The 23% Medicare pay cuts are scheduled to go into effect Dec. 1, unless politicians act to delay it. The current prognosis from Washington, however, is that the lame duck Congress will punt once again, passing the political hot-potato to the incoming class.
The Republican landslide on Election Day may not be good news for doctors hoping for postponement of the 23% Medicare pay cuts scheduled for Dec. 1. Republican opposition to the increased cost of pushing back the cuts without balancing the extra expense with spending cuts elsewhere helped prevent a longer moratorium on fee rollbacks. The current prognosis from Washington pundits, however, is that the lame duck Congress will punt once again, enacting a short postponement and leaving the issue, including the question of the sustainable growth rate formula (SGR), the formula used to set Medicare fees, to the incoming class.
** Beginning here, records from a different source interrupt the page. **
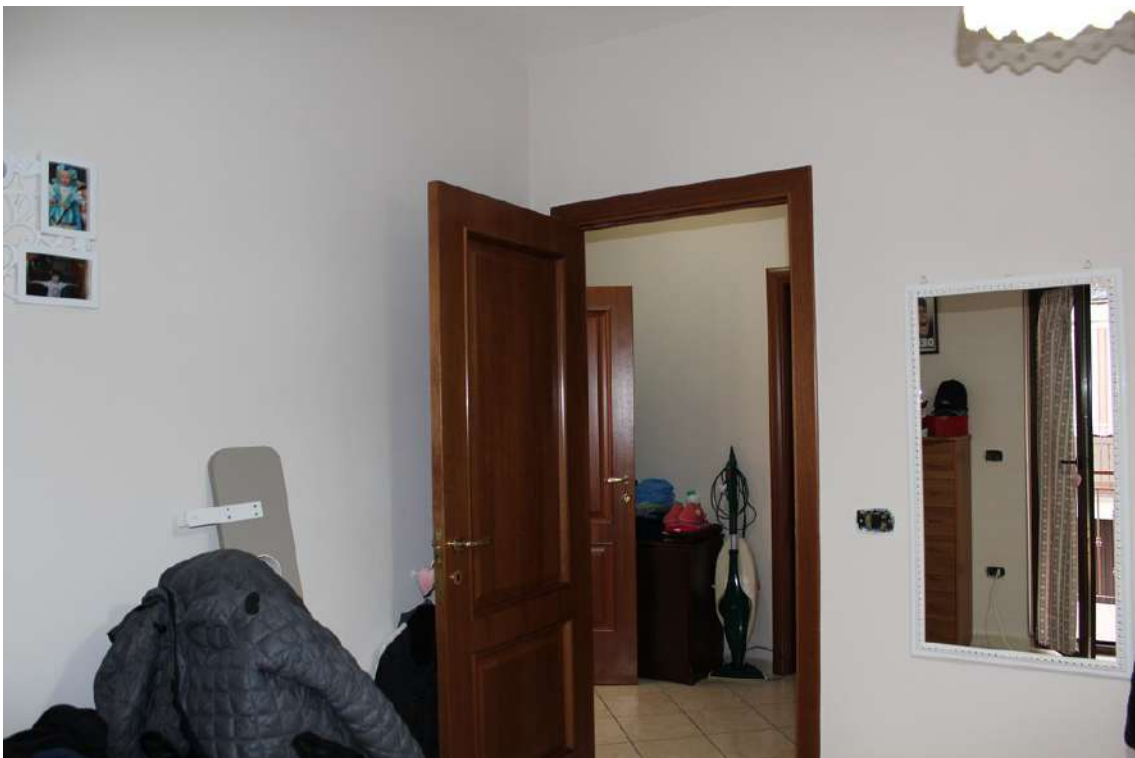
Foto 38: seconda camera con esposizione verso nord, sul cortile centrale del parco.
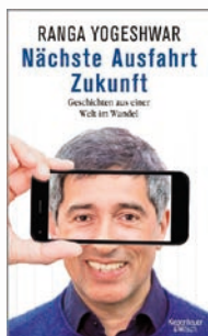
Ranga Yogeshwar: Nächste Ausfahrt Zukunft Kiepenheuer & Witsch, Köln 2017, geb., 398 S., 22 € ISBN 9783462051131

Wohin führen uns zukünftige technische Entwicklungen wie Big Data oder selbstfahrende Autos? Und was bedeuten sie für uns Menschen und unser Selbstverständnis? Der Untertitel des Buches „Geschichten aus einer Welt im Wandel“ beschreibt ziemlich gut, worum es geht. Der TV-Moderator und Phy-
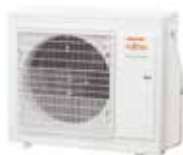
AOYG 24 KBTB
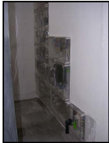
Centralización de contadores acabada
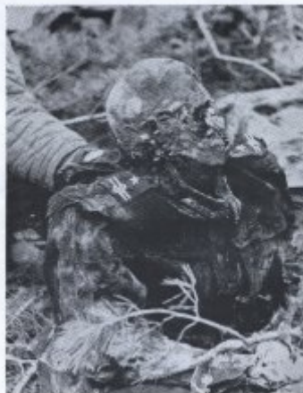
Бил 27. Да габриеловиот интервенционист Експерт Јанес да дава да Тейлс септици. Моно да Тейлс да имунизација.
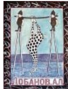
Охотник стреляет жираф хорошо
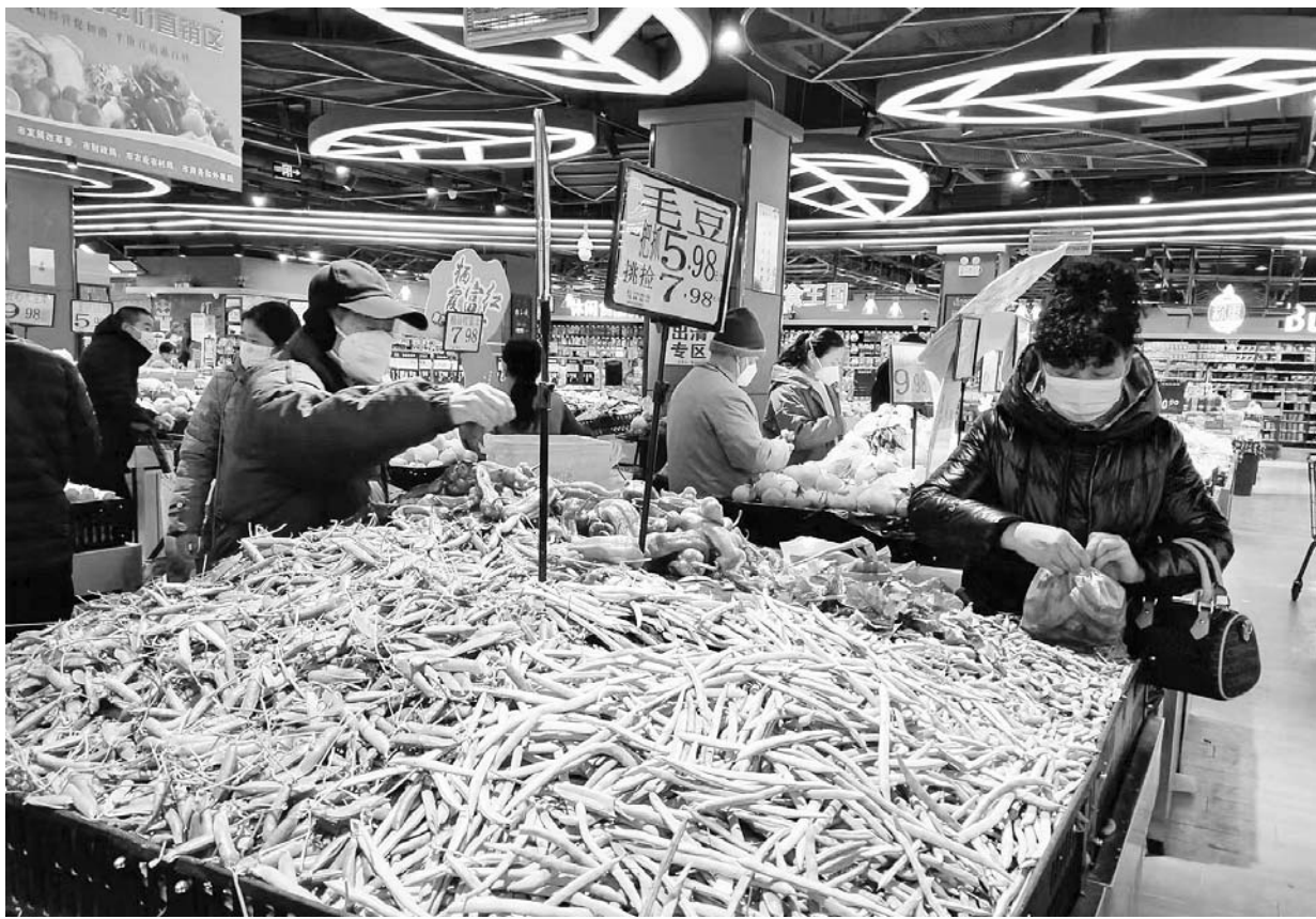
市民在超市挑选蔬菜。

图)我市近日开启“速冻”模式，再加上一些市民为了减少外出的机会，会囤一点蔬菜、水果，这对大家菜篮子供应是否有影响？记者昨天从蚌埠海吉星农产品物流有限公司获悉，近期，我市每天蔬菜供应量可达1350吨左右，水果供应量1200吨左右，市场供应充足，总体保持量足价稳。

The American Medical Association has already weighed in, urging lawmakers to push the deadline forward to Jan. 1, 2012, and instead give doctors a 1% increase in payments for next year. The AMA maintains that the postponement will give lawmakers time to iron out a new payment-rate formula to replace the SGR. The 13-year-old SGR has rarely been used, as cuts mandated by the formula have been postponed every year for the past several years.
U.S. Department of Health and Human Services Secretary Kathleen Sebelius also has urged Congress to act quickly on the so-called “doc fix.” She recently called acting on the cuts the “single biggest step” that lawmakers can take to strengthen the Medicare program and said that preventing the cuts is one of the Obama administration’s top priorities.
In the meantime, the co-chairmen of the President’s National Commission on Fiscal Responsibility and Reform have offered solutions that aren’t likely to please any of the groups involved. For starters, their proposal would avoid the massive cuts mandated by the SGR, but would impose smaller cuts from now through 2015. They also propose creating a new formula to replace the SGR by 2015.
In addition, the money-saving recommendations include comprehensive tort reform legislation that would cap awards for noneconomic damages in malpractice cases and would help cut the costs of practicing defensive medicine. The proposals would also require higher out-of-pocket costs for Medicare beneficiaries and would make pharmaceutical companies pay the government rebates on brand-name drugs if they want to be included in the Medicare Part D drug program.